Marcus Hert Da Coregio edited this page Dec 8, 2021 · 5 revisions

We welcome everyone that wants to contribute to Spring Security in some way, either submitting a Pull Request, creating an issue ticket, asking questions, and even reviewing other's Pull Requests. But, to be able to maintain the code standard that Spring Security has, we created this guideline to help you to be aware of what to expect from and how to do a code review.

This document brings recommendations to help us performing code reviews, it's not supposed to be interpreted as rules set in stone.

Code of Conduct

Please see our code of conduct.

Contribution Guidelines

We have a CONTRIBUTING document that helps you to get started with the Spring Security project. It is important that you are familiar with it as it includes common stuff to pay attention when doing a code review.

Review locally

While it is totally possible to review a PR using only the GitHub's UI, sometimes we can only have a more deep insight of the code when experimenting with it locally. Running the tests, simulating the behaviour by debugging the code are some ideas to do.

Checking out the PR locally using Git

Checkout the PR locally:

$ git fetch https://github.com/spring-projects/spring-security pull/xxxx/head:pull/xxxx

$ git checkout pull/xxxx

Update a local copy of the PR:

$ git checkout pull/xxxx

$ git pull https://github.com/spring-projects/spring-security pull/xxxx/head

Where xxxx is the number of the PR.

Tips to improve the review process

Dedicate your time

When performing a code review, try to dedicate the corresponding time to the PR's size. For example, if a PR is proposing a new API with thousands of new lines, we should be aware that this review is going to take a while and we have to prepare ourselfs to try to review it in its entirety. If you have to stop the review and come back after a while, almost always we can not remember where we were and we have to start over again.

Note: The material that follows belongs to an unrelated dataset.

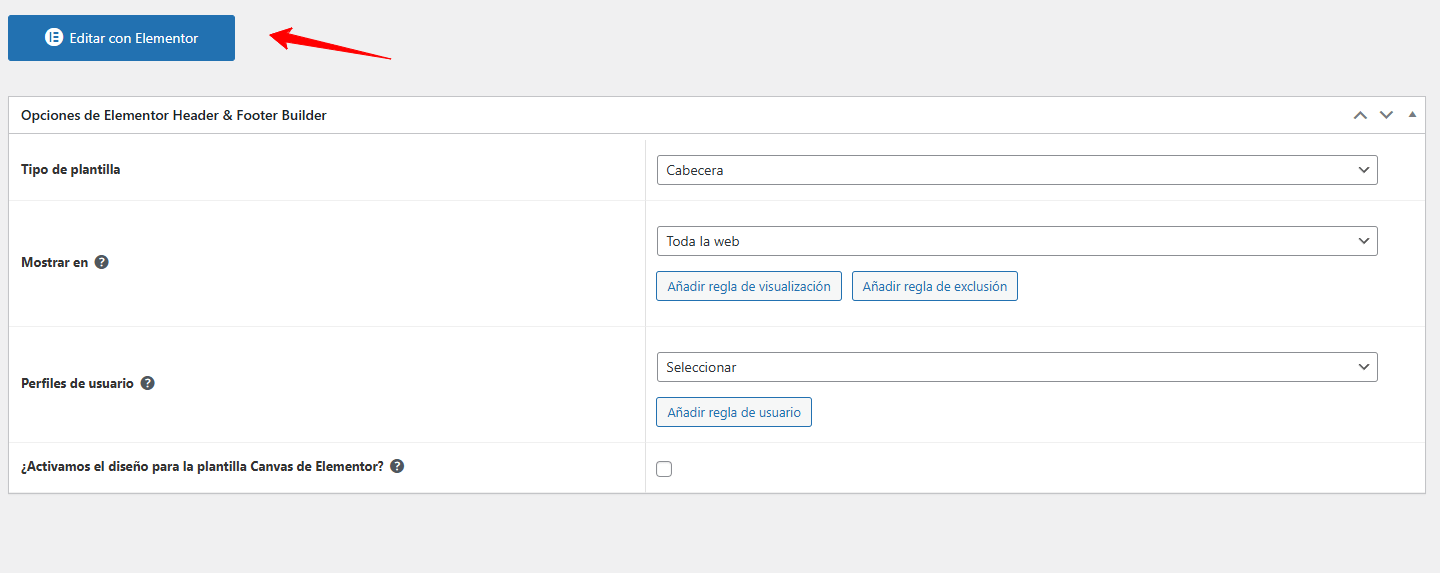 Una vez guardada la cabecera solo tienes que editar con elementor en el boton que vez en la imagen y comenzar a añadir los elementor de tu nueva cabera.
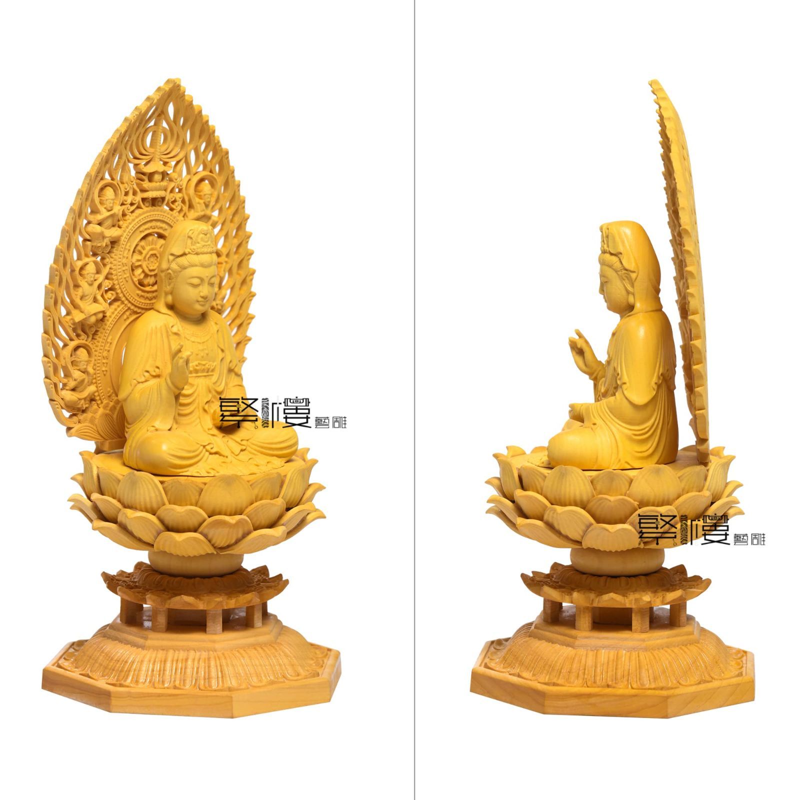 観音像 観音菩薩 仏壇仏像 仏像 木彫り 置物 繁樓藝雕 飛天光背 八角台座 柘植の木 TheChanger 祈る 厄除け 高さ17 cm 巾8 5 奥行8

Performing a full code review also helps the submitters by having less rounds of working on the feedbacks.

Polish commits

Consider just adding a polish commit instead of having the submitter do everything.

Consider smaller PRs

Most of the times a feature can be split into multiple different PRs, each one adding a new piece, which together may become a feature. Having smaller PRs helps keep the focus when reviewing it.